(Saved data entries)
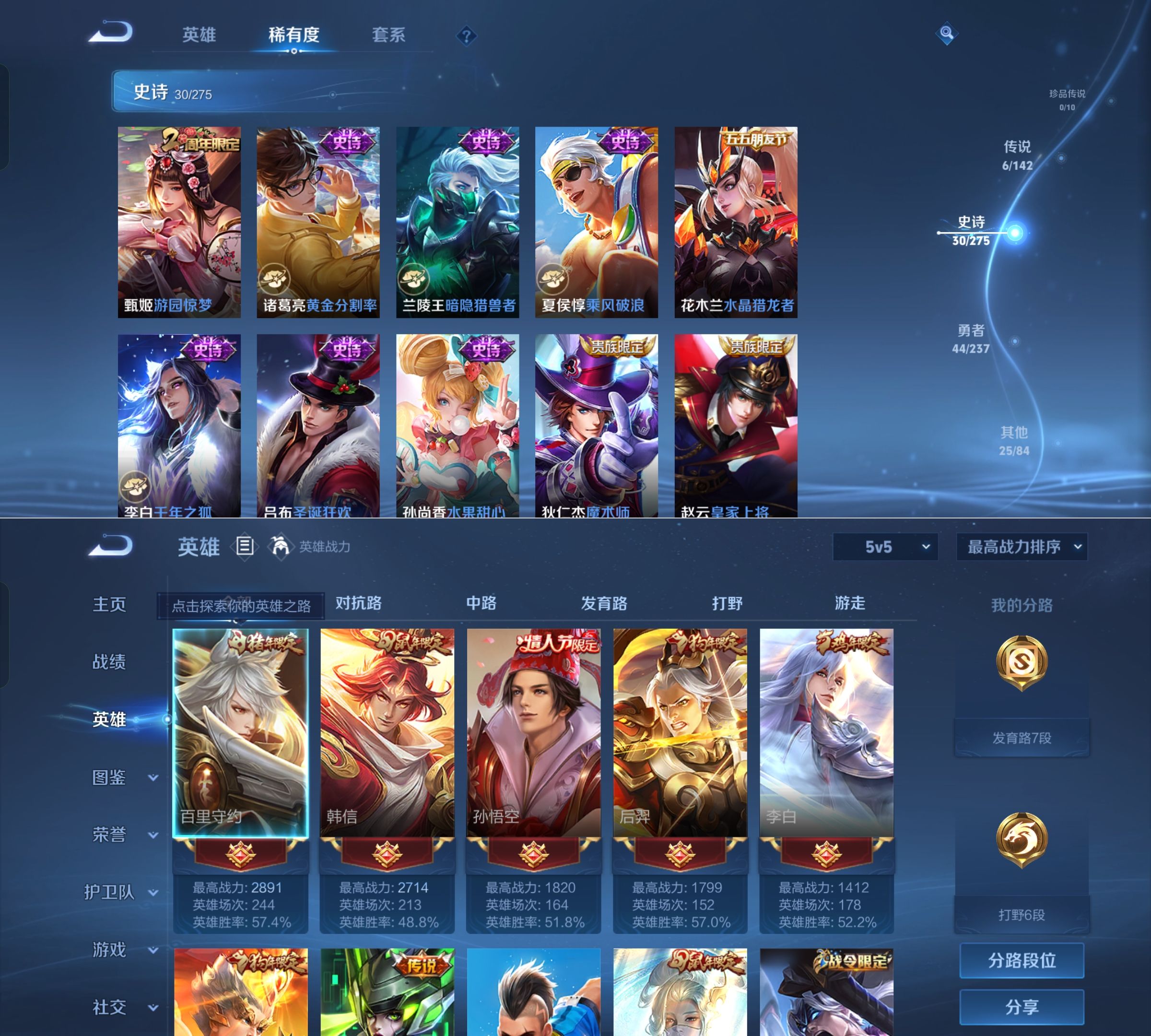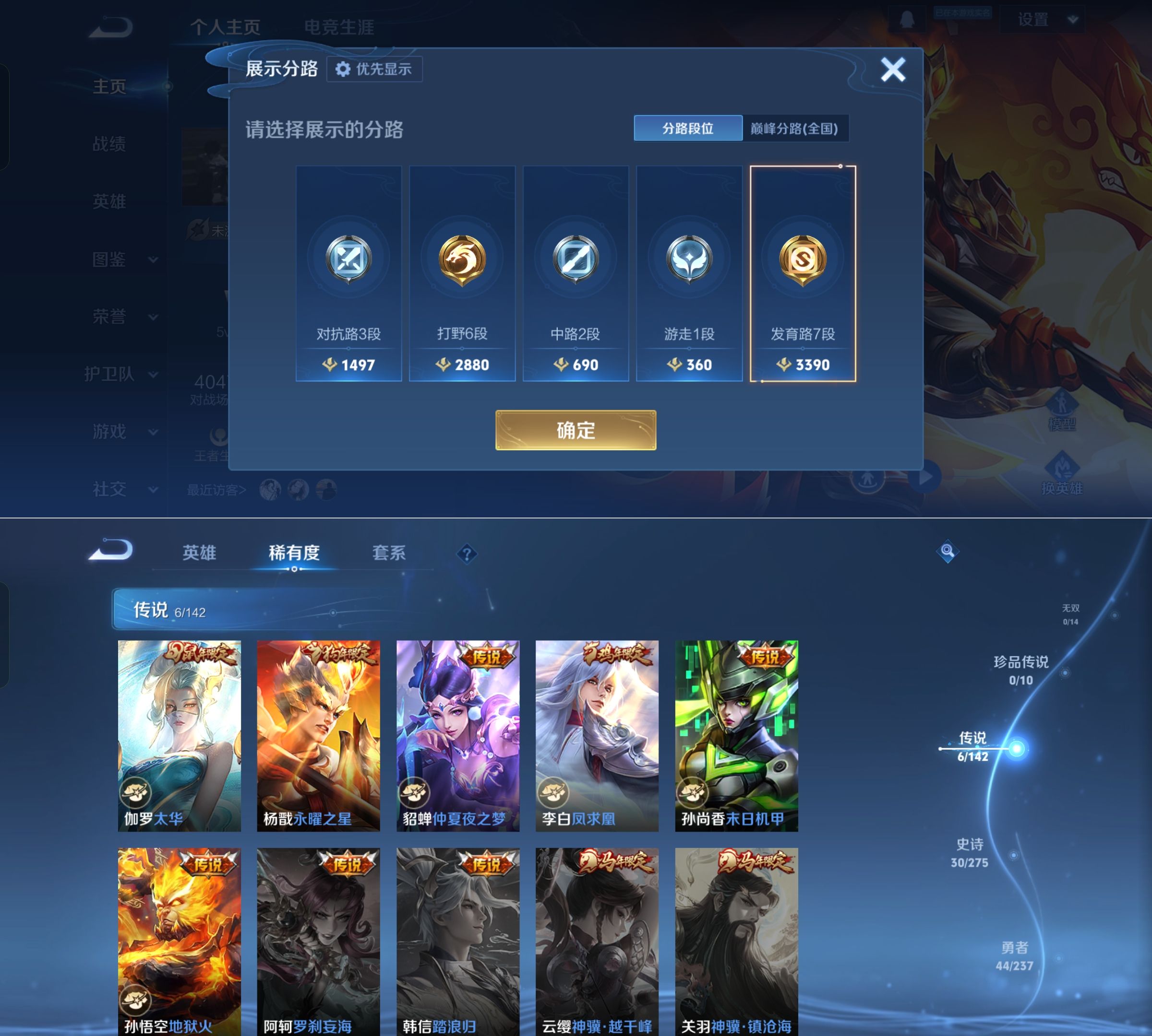 贵族等级:v7皮肤数:105生肖限定9 情人节限定3 传说品质6 英雄数:108
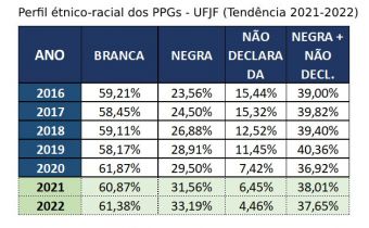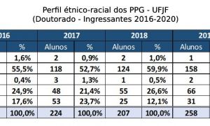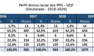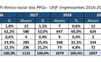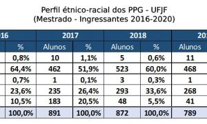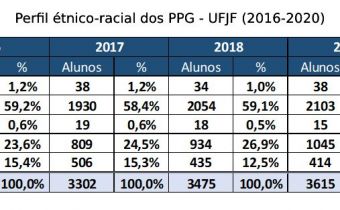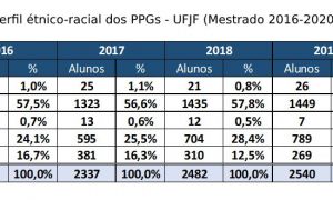 Motivada pelas discussões a respeito do sistema de cotas na Pós-graduação, a Pró-reitoria de Pós-graduação e Pesquisa (PROPP) torna públicas as informações disponíveis acerca do perfil étnico-racial dos mestrandos e doutorandos da UFJF. Além de dar transparência, o objetivo é subsidiar o desenvolvimento de uma política de ações afirmativas baseada em dados.
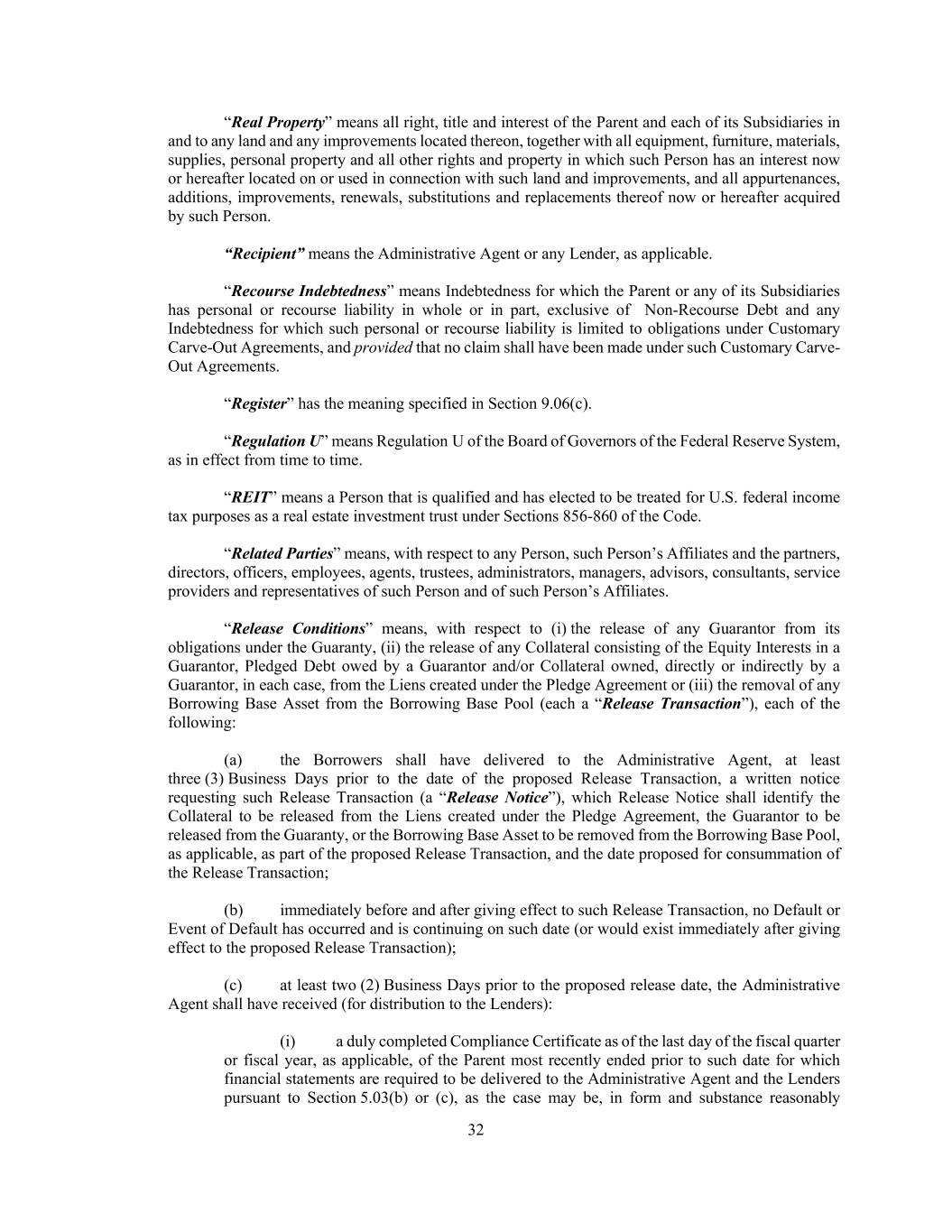 32 “Real Property” means all right, title and interest of the Parent and each of its Subsidiaries in and to any land and any improvements located thereon, together with all equipment, furniture, materials, supplies, personal property and all other rights and property in which such Person has an interest now or hereafter located on or used in connection with such land and improvements, and all appurtenances, additions, improvements, renewals, substitutions and replacements thereof now or hereafter acquired by such Person. “Recipient” means the Administrative Agent or any Lender, as applicable. “Recourse Indebtedness” means Indebtedness for which the Parent or any of its Subsidiaries has personal or recourse liability in whole or in part, exclusive of Non-Recourse Debt and any Indebtedness for which such personal or recourse liability is limited to obligations under Customary Carve-Out Agreements, and provided that no claim shall have been made under such Customary Carve- Out Agreements. “Register” has the meaning specified in Section 9.06(c). “Regulation U” means Regulation U of the Board of Governors of the Federal Reserve System, as in effect from time to time. “REIT” means a Person that is qualified and has elected to be treated for U.S. federal income tax purposes as a real estate investment trust under Sections 856-860 of the Code. “Related Parties” means, with respect to any Person, such Person’s Affiliates and the partners, directors, officers, employees, agents, trustees, administrators, managers, advisors, consultants, service providers and representatives of such Person and of such Person’s Affiliates. “Release Conditions” means, with respect to (i) the release of any Guarantor from its obligations under the Guaranty, (ii) the release of any Collateral consisting of the Equity Interests in a Guarantor, Pledged Debt owed by a Guarantor and/or Collateral owned, directly or indirectly by a Guarantor, in each case, from the Liens created under the Pledge Agreement or (iii) the removal of any Borrowing Base Asset from the Borrowing Base Pool (each a “Release Transaction”), each of the following: (a) the Borrowers shall have delivered to the Administrative Agent, at least three (3) Business Days prior to the date of the proposed Release Transaction, a written notice requesting such Release Transaction (a “Release Notice”), which Release Notice shall identify the Collateral to be released from the Liens created under the Pledge Agreement, the Guarantor to be released from the Guaranty, or the Borrowing Base Asset to be removed from the Borrowing Base Pool, as applicable, as part of the proposed Release Transaction, and the date proposed for consummation of the Release Transaction; (b) immediately before and after giving effect to such Release Transaction, no Default or Event of Default has occurred and is continuing on such date (or would exist immediately after giving effect to the proposed Release Transaction); (c) at least two (2) Business Days prior to the proposed release date, the Administrative Agent shall have received (for distribution to the Lenders): (i) a duly completed Compliance Certificate as of the last day of the fiscal quarter or fiscal year, as applicable, of the Parent most recently ended prior to such date for which financial statements are required to be delivered to the Administrative Agent and the Lenders pursuant to Section 5.03(b) or (c), as the case may be, in form and substance reasonably
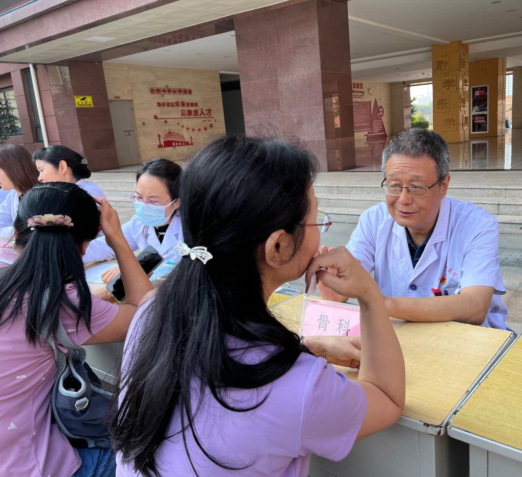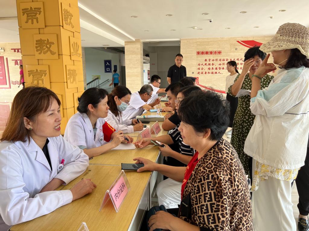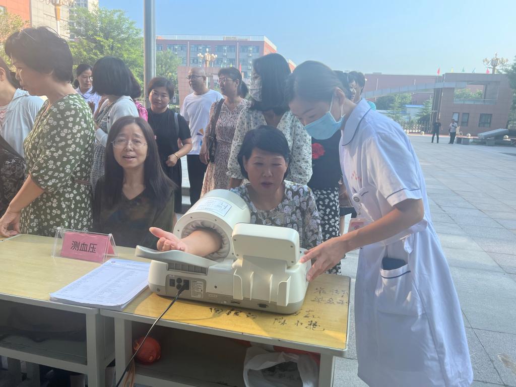 义诊现场,内分泌科、眼科、心血管内科等9个科室10名专家为教师们提供一对一诊疗服务,认真、耐心地回答老师们的健康疑问,并有针对性的给予预防及健康管理建议,帮助教师了解自身健康情况,做到疾病早发现、早预防、早治疗。此次义诊活动将优质、有效的医疗健康服务送到教师身边,得到了学校老师们的一致好评。
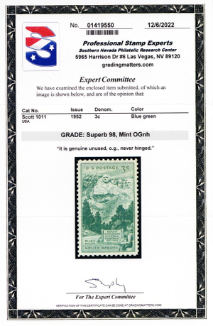 1011, Mint NH 3¢ Superb With PSE Graded 98 Certificate * Stuart Katz
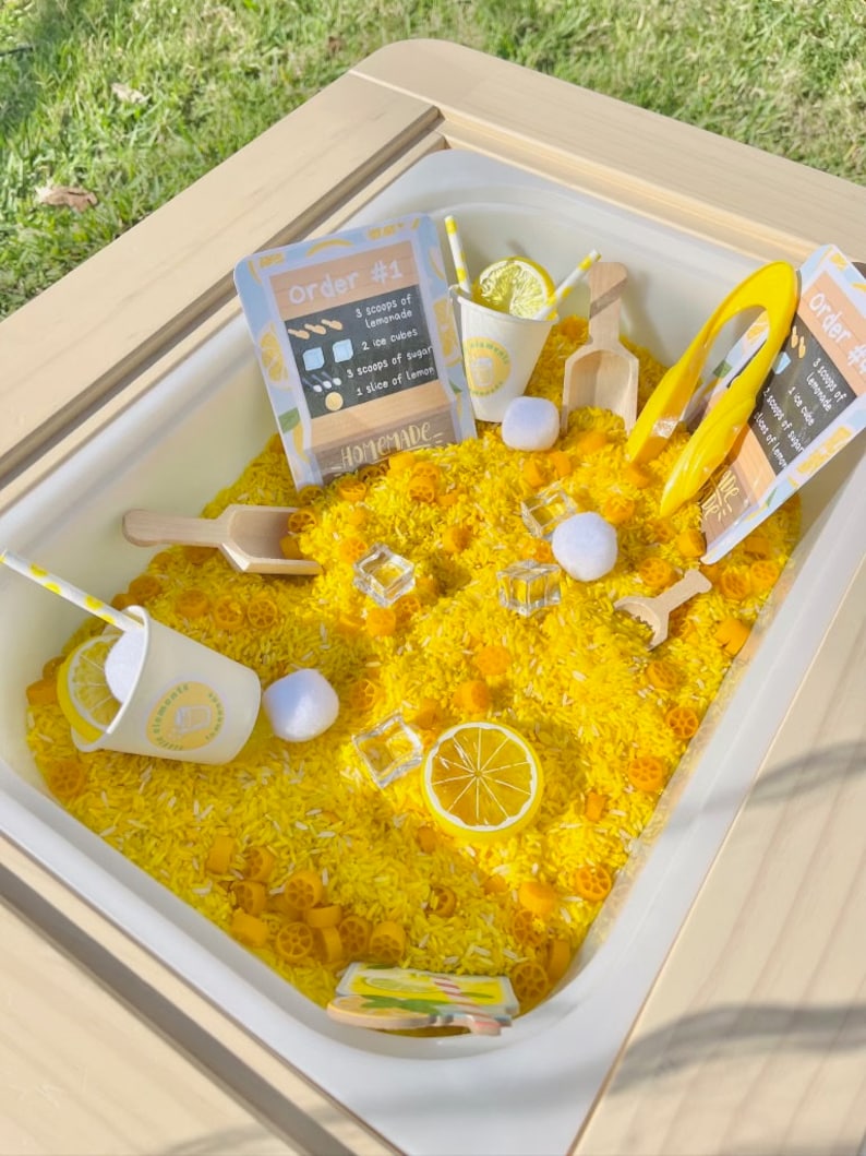You can change up the toys for themed experiences or sensory play and add fun things like colored rice, sand, or orbees.

▶ _How to complete this task_
A verbatim copy of the records is expected, from their first line through the line with "Motivada pelas discussões", inclusive, with the pictures removed.

▶ _Finished task_
 贵族等级:v7皮肤数:105生肖限定9 情人节限定3 传说品质6 英雄数:108
 Motivada pelas discussões a respeito do sistema de cotas na Pós-graduação, a Pró-reitoria de Pós-graduação e Pesquisa (PROPP) torna públicas as informações disponíveis acerca do perfil étnico-racial dos mestrandos e doutorandos da UFJF. Além de dar transparência, o objetivo é subsidiar o desenvolvimento de uma política de ações afirmativas baseada em dados.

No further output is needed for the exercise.